Conventionally, in microwave-assisted magnetic recording (MAMR) systems, a high-frequency magnetic field is applied to a magnetic recording medium while recording to temporarily weaken the coercive force of the recording area by using the resonance phenomenon of the medium. This is referred to as microwave-assisted because the resonance frequency of the medium is in the microwave band. Recently, the use of a microwave magnetic field oscillation layer, referred to as a spin torque oscillator (STO), for rotating the magnetization at high speed by using spin torque has gained popularity, and MAMR has become a focus of attention. In addition, the idea of using the magnetic field of the main pole adjacent to the STO to control the direction of rotation of the oscillation has been utilized, and MAMR is becoming more and more practical.

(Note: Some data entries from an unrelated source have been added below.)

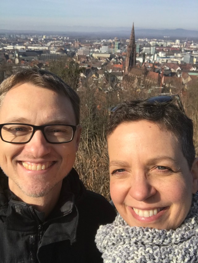He shows me around town, there is Guggamusic blasting through the alleyways and it is great – the sun is shining, we even see the French Alpes, I see and learn a lot about Freiburg, but most importantly, we chat away and it is so good to see him!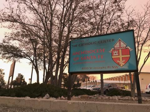 In this Nov. 29, 2018, file photo, the sun sets on a sign in front of the Archdiocese of Santa Fe offices in Albuquerque, N.M. A former Roman Catholic priest found guilty of sexual abuse in New Mexico is scheduled to be sentenced Friday, Sept. 13, 2019, in Santa Fe, N.M. Federal prosecutors are requesting a sentence of more than 30 years in prison for Arthur Perrault, once a pastor at an Albuquerque parish and a chaplain at Kirtland Air Force Base. Perrault maintained his innocence throughout his trial in April. (AP Photo/Susan Montoya Bryan/File)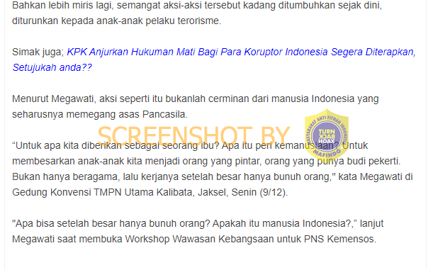 Jika dibaca, isi dari artikel blogspot tersebut merupakan isi pidato Megawati saat membuka Workshop Wawasan Kebangsaan untuk para Pegawai Negeri Sipil di Kementerian Sosial pada 9 Desember 2019. Adapun sebagian besar isi dari artikel tersebut adalah menyinggung maraknya aksi-aksi teroris dengan target kelompok yang berbeda agama.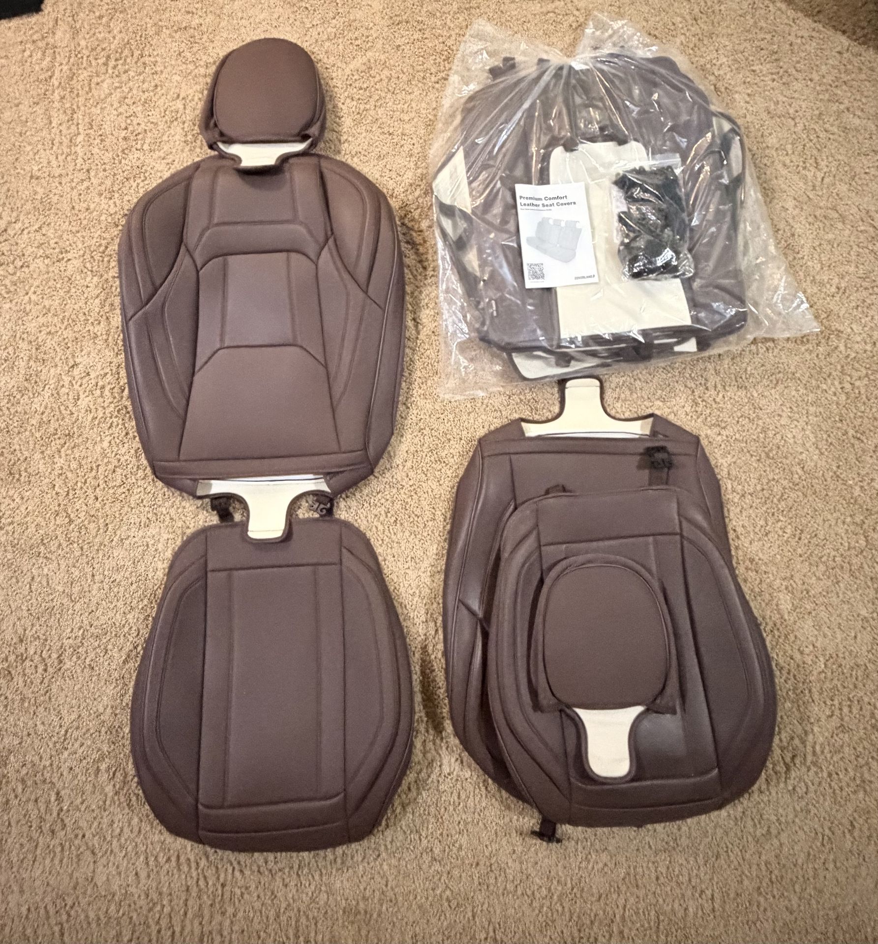 Honda Civic 10th Gen Brown Leather Seat Covers from CoverLand Easy installation probably take 30 minutes max. I had used the front seat covers for just about a week and took them off because my girlfriend didn't like them. The back Seat covers are unopened and comes with the original accessories and manual for install. they are high quality and feels very nice and comfortable as well as the front seats come with a little pocket in the front! The extra lumbar support is very nice as well for longer drives.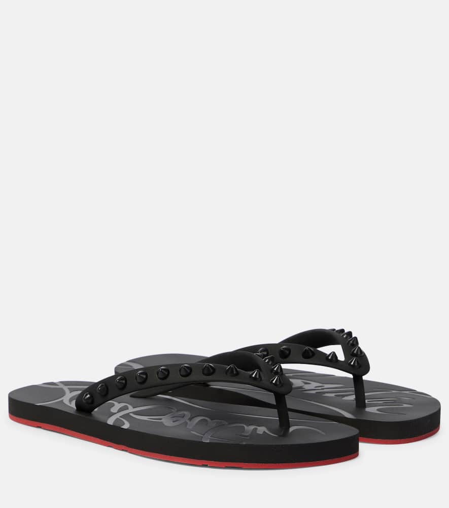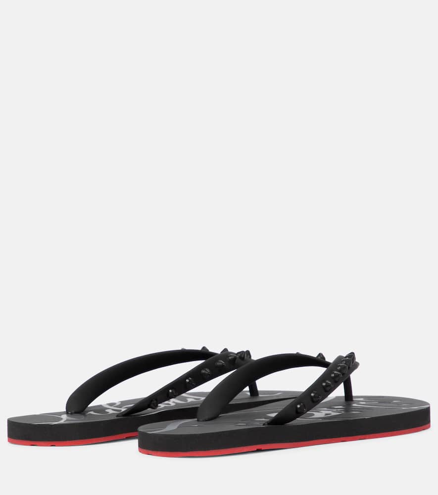 Toe shape: round open toe. Made in Italy. Designer color name: Black. Shop the latest Christian Louboutin Flat Sandals for women now.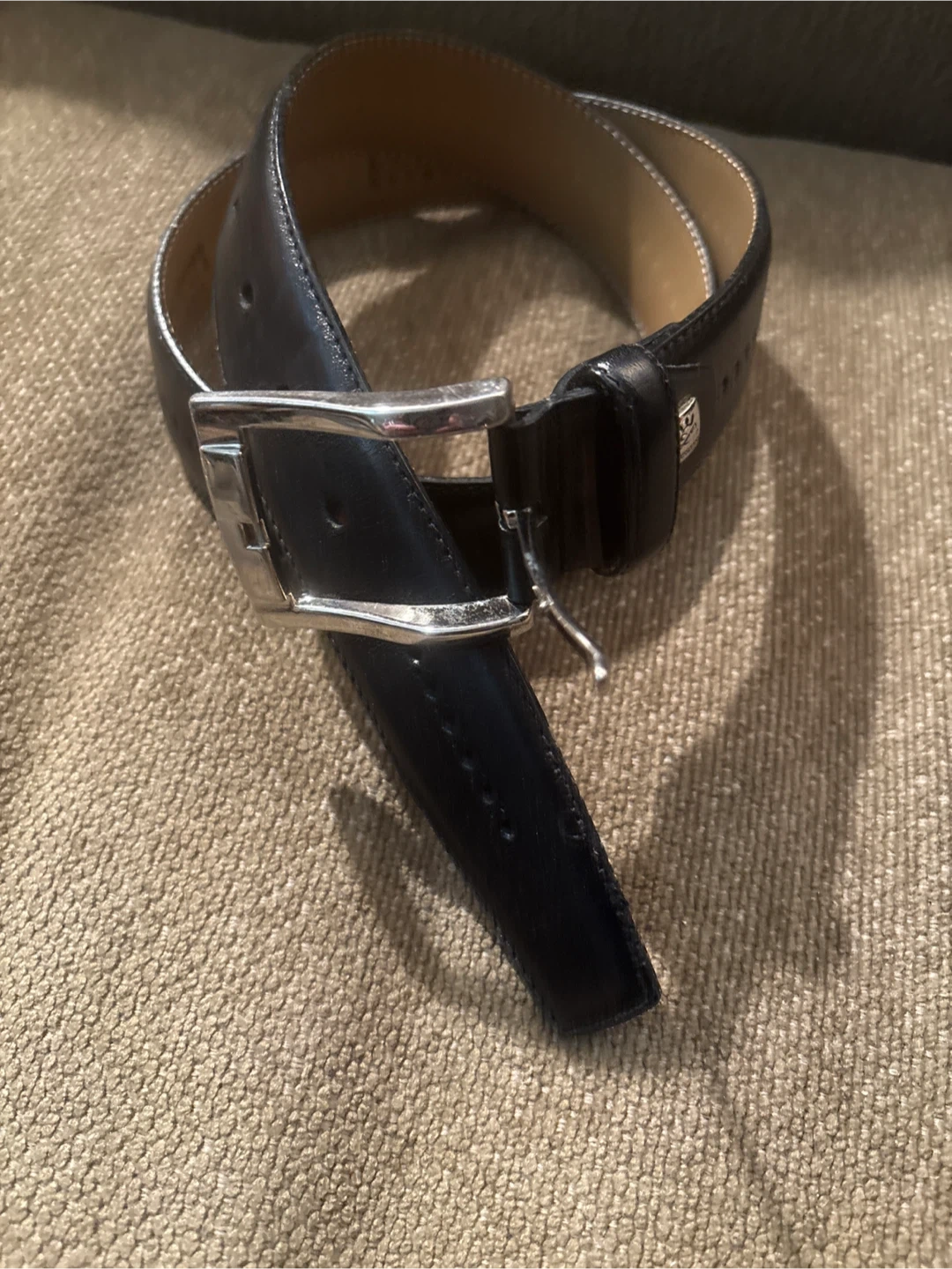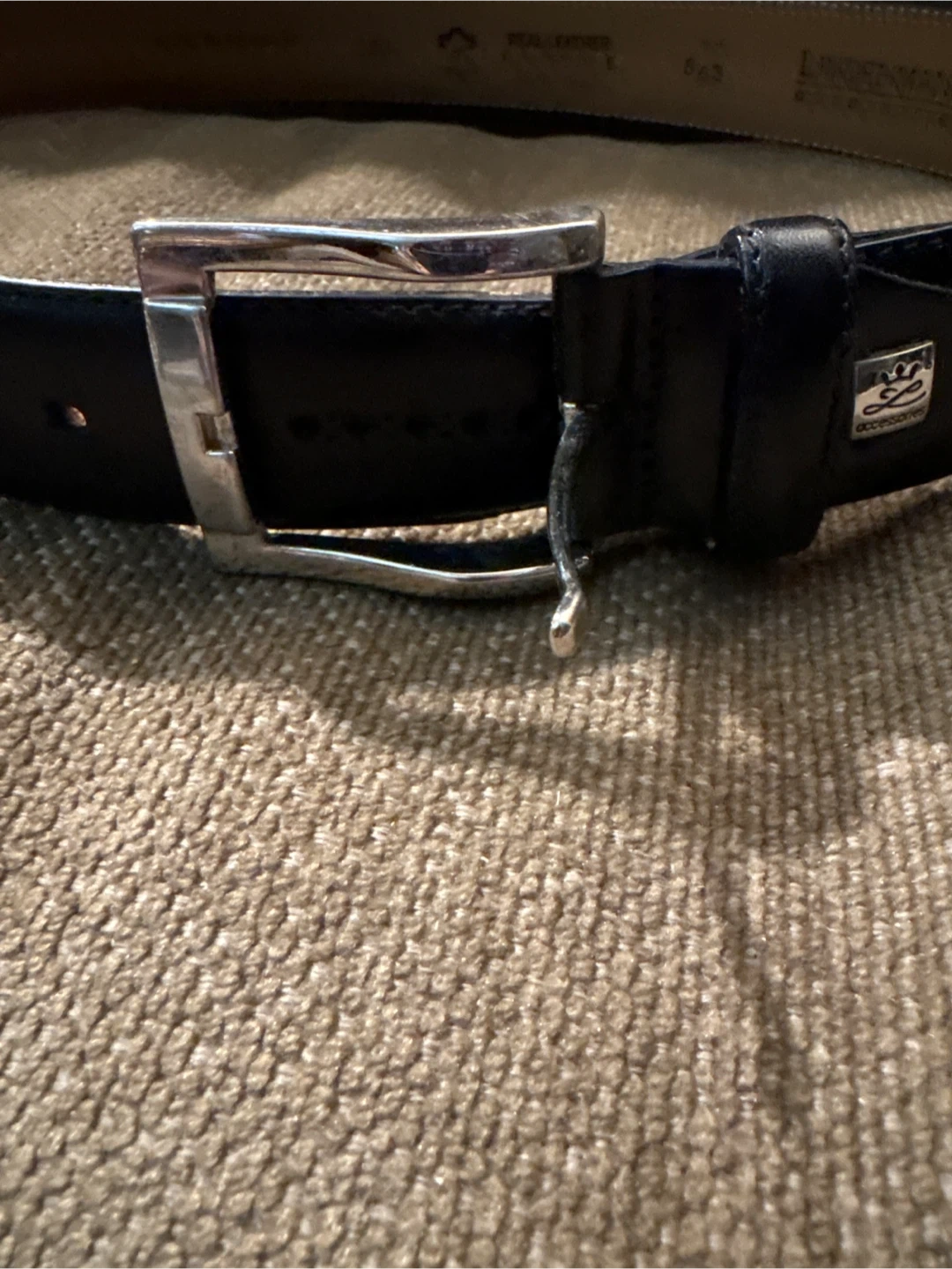 I'm selling a Lindenmann Accessories belt in black leather. It has a silver-tone buckle. The belt is in good condition and ready for a new wardrobe!

In MAMR, the STO controls the pulsing of the oscillations by the pulsing of a bias current (on/off state function). However, the STO is not limited to this normal operating state in a hard disk drive (HDD) or other magnetic storage device which utilizes MAMR. For example, because recording on a hard disk of a HDD is particularly difficult at low temperatures, the STO may be used in the “on state” only at low temperatures. In another example, the use of the STO in the “on state” may occur only when recording errors occur during a repeated write (referred to as a “retry”).

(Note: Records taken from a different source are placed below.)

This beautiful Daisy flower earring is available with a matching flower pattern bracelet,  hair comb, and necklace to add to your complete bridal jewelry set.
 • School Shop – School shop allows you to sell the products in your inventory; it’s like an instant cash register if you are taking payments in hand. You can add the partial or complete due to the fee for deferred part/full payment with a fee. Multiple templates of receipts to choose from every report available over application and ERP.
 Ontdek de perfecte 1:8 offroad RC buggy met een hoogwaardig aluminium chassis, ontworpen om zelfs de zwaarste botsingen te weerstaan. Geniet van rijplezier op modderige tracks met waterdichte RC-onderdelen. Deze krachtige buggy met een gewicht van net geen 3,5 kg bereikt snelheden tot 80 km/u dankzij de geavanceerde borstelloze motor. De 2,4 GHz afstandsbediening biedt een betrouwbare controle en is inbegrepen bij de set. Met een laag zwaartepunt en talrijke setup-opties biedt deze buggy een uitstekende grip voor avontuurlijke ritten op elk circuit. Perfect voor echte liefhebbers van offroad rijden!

A MAMR head is a structure in which a STO is deposited in a layer on a conventional recording main pole. However, because of manufacturing errors which may occur, the position of the STO does not necessarily align with the main pole (off-alignment). Alternately, the STO is sometimes larger than the main pole. In this case, there is concern that the recording width will differ when the STO is in the on state or the off state. For example, as shown in the SEM photograph in FIG. 5, when the STO is offset to a right side with respect to the main pole, the recording width will sometimes become wider on the right side when the STO is in the on state as indicated by the bathtub curve (which is the error rate profile in a track width direction), shown in FIG. 6. As shown in FIG. 7, one reason for this phenomenon is that the recording width is determined by the STO in addition to the main pole when the STO is in the on state, in contrast to the recording width in the medium being determined by the main pole width when the STO is in the off state.
Recently, as HDDs utilizing shingled magnetic recording (SMR) systems have approached commercialization, the structures of these HDDs are based on SMR even when utilizing MAMR. When the recording width is changed as described above, one issue appears where the destruction of data in adjacent tracks occurs due to the changing recording width. In normal SMR, overwrites are conducted while the recording head is shifted by a constant track pitch. However, when the shift quantity is constant, regardless of widening of the recording width which may occur in MAMR systems, as shown in FIG. 8, the immediately preceding written data are destroyed.
Accordingly, it would be beneficial to have a MAMR-SMR system which rectifies the issues with the written data being destroyed in adjacent tracks due to recording width variations.